Сперва Дэниел различал, где фантазия, а где реальность, но время шло, и ему все больше казалось, что фантазия и есть реальность. Ему чудилось, что они дышат ему в спину. Страх сжал его сердце. Нет, это невыносимо, и лучше так, чем…
Дэниел сделал шаг вперед и распахнул дверь. Подвал залил поток белого света, такого яркого, что Дэниел инстинктивно прикрыл глаза рукой. Постепенно глаза его привыкали к свету.
Дэниелу показалось, что, когда он спускался, свет был не таким ярким, и он сразу понял, почему. Вместо унесенной крыши над его головой зияло небо. Ничем не покрытые стены аптеки напоминали скелет ископаемого животного, внутри которого он стоял.
Сначала он быстро поднимался по ступеням, потом замедлил ход и обернулся. Там, из-под ступенек, выглядывала какая-то тень, имевшая руки. Эти руки вытянутыми указательными пальцами указывали на кучку крысиных костей в углу.
Дэниел подумал о том, что незнакомца следует похоронить, осталось только найти тележку, и, оторвав, наконец, взгляд от подвала, он выбрался на поверхность, огляделся – и его сердце в груди вдруг отчаянно забилось.
На противоположной стороне улицы стоял Джек.
Лапы пса дрожали от напряжения, с розового языка капала зеленоватая слюна.
Дэниел вскрикнул, в ответ Джек завыл.
– Это по-настоящему, – уверил себя Дэниел.
Он приказал себе не плакать. Он ненавидел плачущих мужчин. Дэниел, все еще не веря своим глазам, подошел к нему и поднял его на руки. Джек лизнул его в щеку.
Пока Дэниел нес его домой, он продолжал тихо говорить. Никто не причинит ему зла. Никто не ударит его. Никто не бросит его. Пёс затих, глядя в небо.
Он положил собаку на кровать и лег рядом, все поглаживая ее по загривку, и пролежал так около часа. Его преследовали самые разнообразные мысли и догадки. Но не осталось людей, с которыми он мог бы их обсудить.
Противоположная стена комнаты от пола до потолка заставленной полками, книгами, журналами, его дневниками и открытками, которые Дэниел нашел в чудом уцелевшей книжной лавке. Выбрав одну из них, он прошел к столу и, покопавшись в ящике стола, достал карандаш. На обратной стороне открытки он написал: «Дорогая Анни…».

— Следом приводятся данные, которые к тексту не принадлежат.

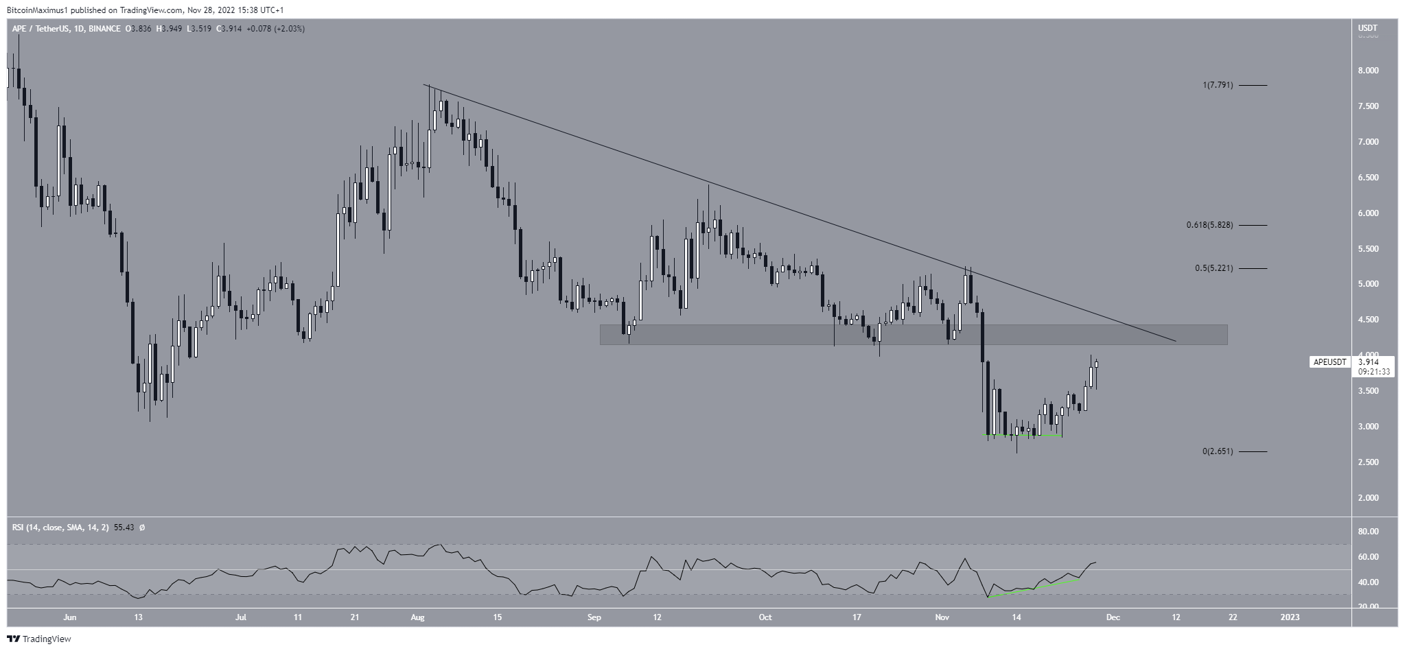 ونتج عن مؤشر القوة النسبية انحراف تصاعدي، سبقه ارتفاع مستمر ومتسارع الوتيرة خلال الأربع وعشرين ساعة الأخيرة، ومن المتوقع أن يواجه السعر مقاومة قوية عند نقطة 4 دولار، يشكلها كل من منطقة المقاومة الأفقية وخط المقاومة التنازلي، لذا، فارتفاع سعر عملة APE في الأيام القادمة سيحدد اتجاهها المستقبلي.
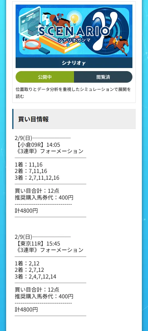 | ’25/02/09 小倉9R 東京11R | シナリオガンマ | ✕ | -57,600円 | 48,000円 4,800円 4,800円 | 0円 |
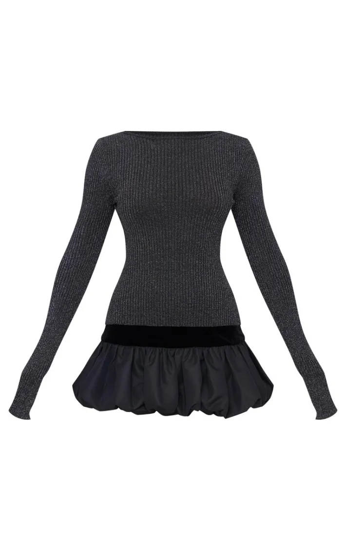 Channel all the glam vibes this weekend with this black glitter knitted open-back long-sleeve top. Brought to you in a black glitter knitted material with an open back design and a figure-flattering fit, how could you not be in love? Whether you’re getting ready for party season or just want to inject some extra sparkle into your weekend ‘fit you need this top in your wardrobe. Shop the look and pair it with the matching mini skirt, silver accessories and court heels for a flawless finish.
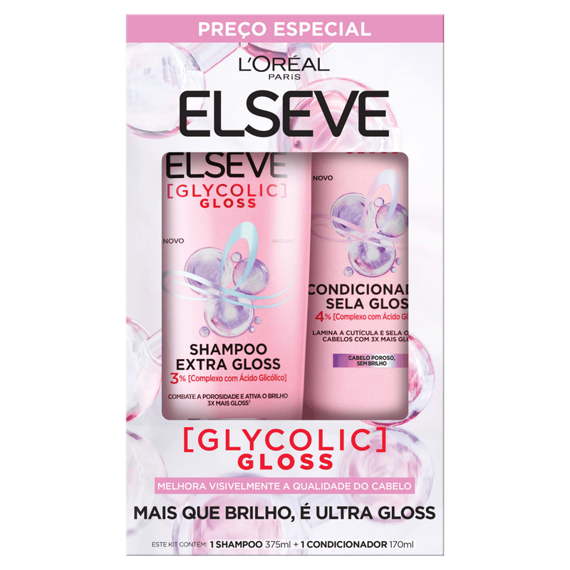Kit Shampoo 375ml + Condicionador 170ml L'oréal Paris Elseve Glycolic Gloss Preço Especial
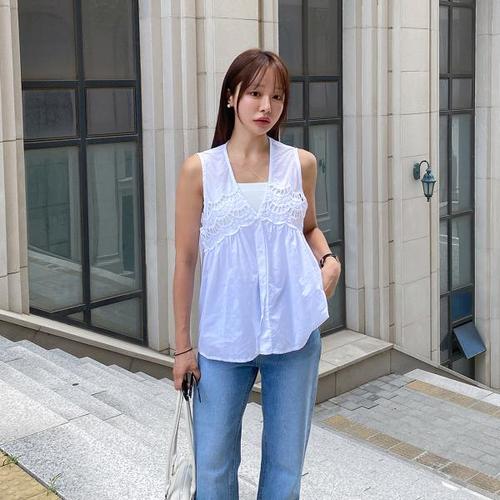 [리엘라]퍼니스 브이넥 펀칭 셔링 단추 민소매 블라우스
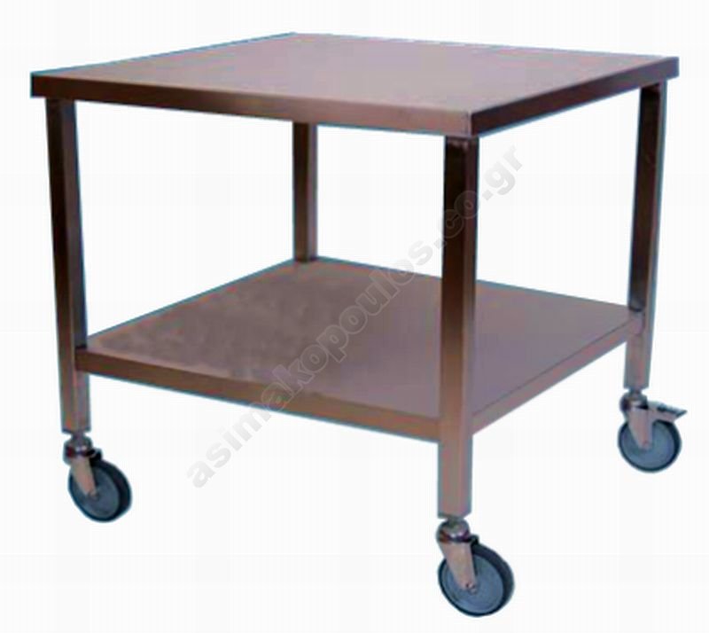 Ανοξείδωτο καρότσι σερβιρίσματος δύο επιπέδων εξολοκλήρου κατασκευασμένο από ανοξείδωτο χάλυβα AISI 304 με τέσσερις ρόδες περιστρεφόμενες, οι δύο με φρένο
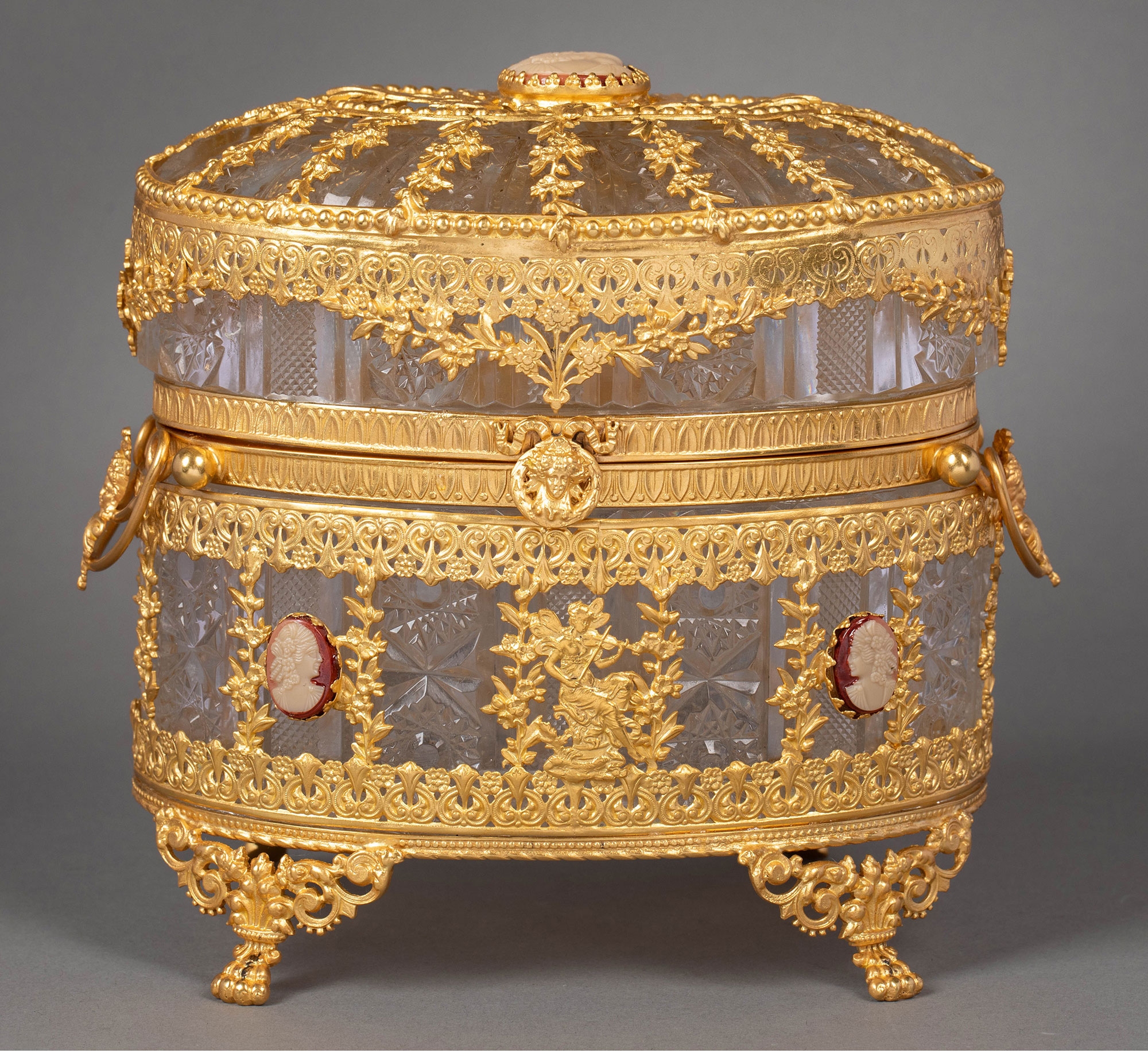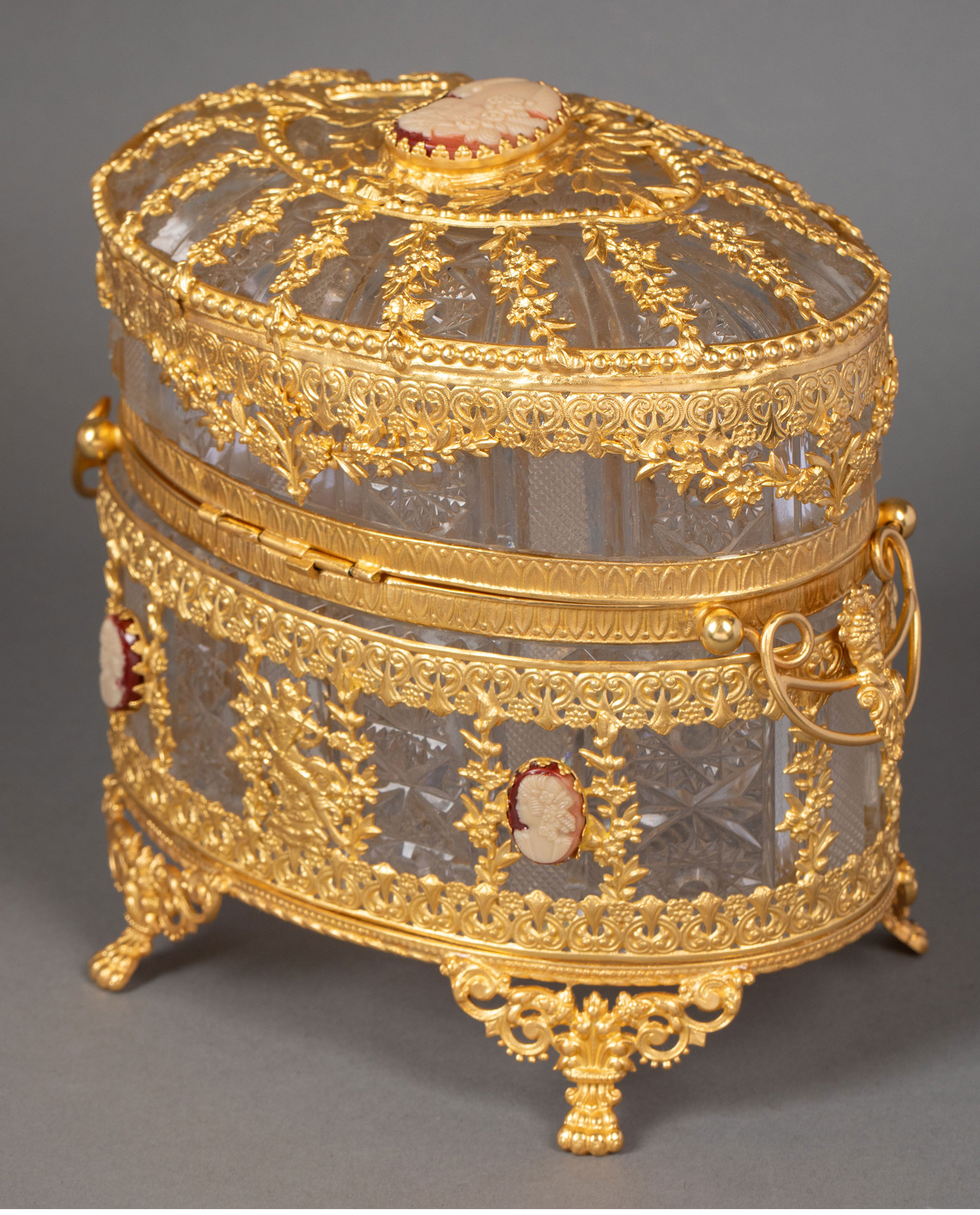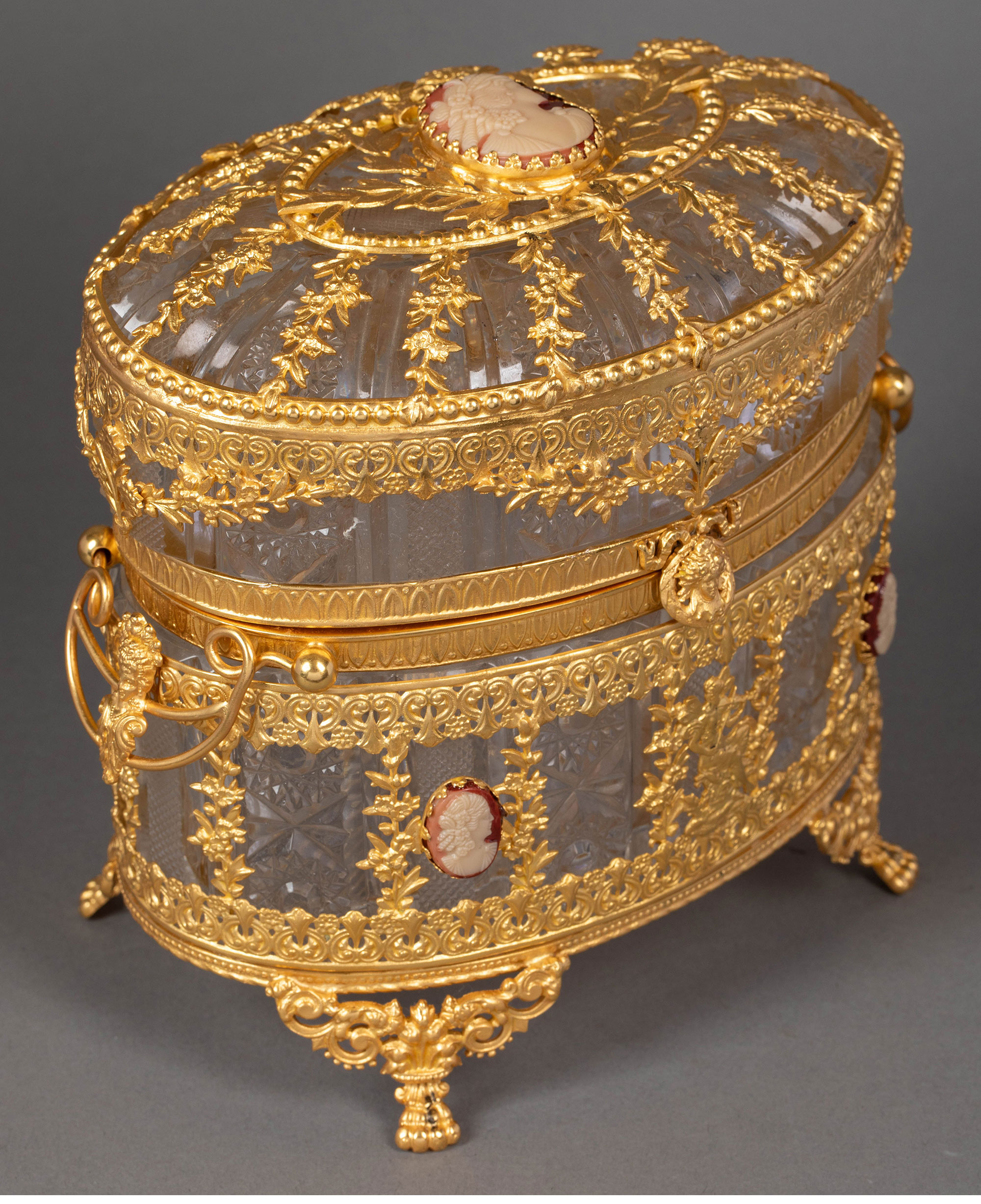 19世纪末法国出品精灵仙子主题铜鎏金精雕嵌古典女子肖像卡梅奥装饰水晶珍宝盒

Он попытался вычленить мысль – а что именно он ей напишет сегодня? На протяжении последних десяти лет он оставлял для нее послания, которые аккуратно складывал на полку, и теперь он мог вытащить из длинного ряда стоящих на полках открыток тот самый и вновь пережить памятный день. Хотя он ни разу этого не сделал. Странно, отчего-то у него никогда не хватает времени, или кажется, что не хватает на то, чтобы перелистать хоть что-то из написанного за долгие годы. Написанного для нее на открытках, которые никогда не попадут в руки адресату.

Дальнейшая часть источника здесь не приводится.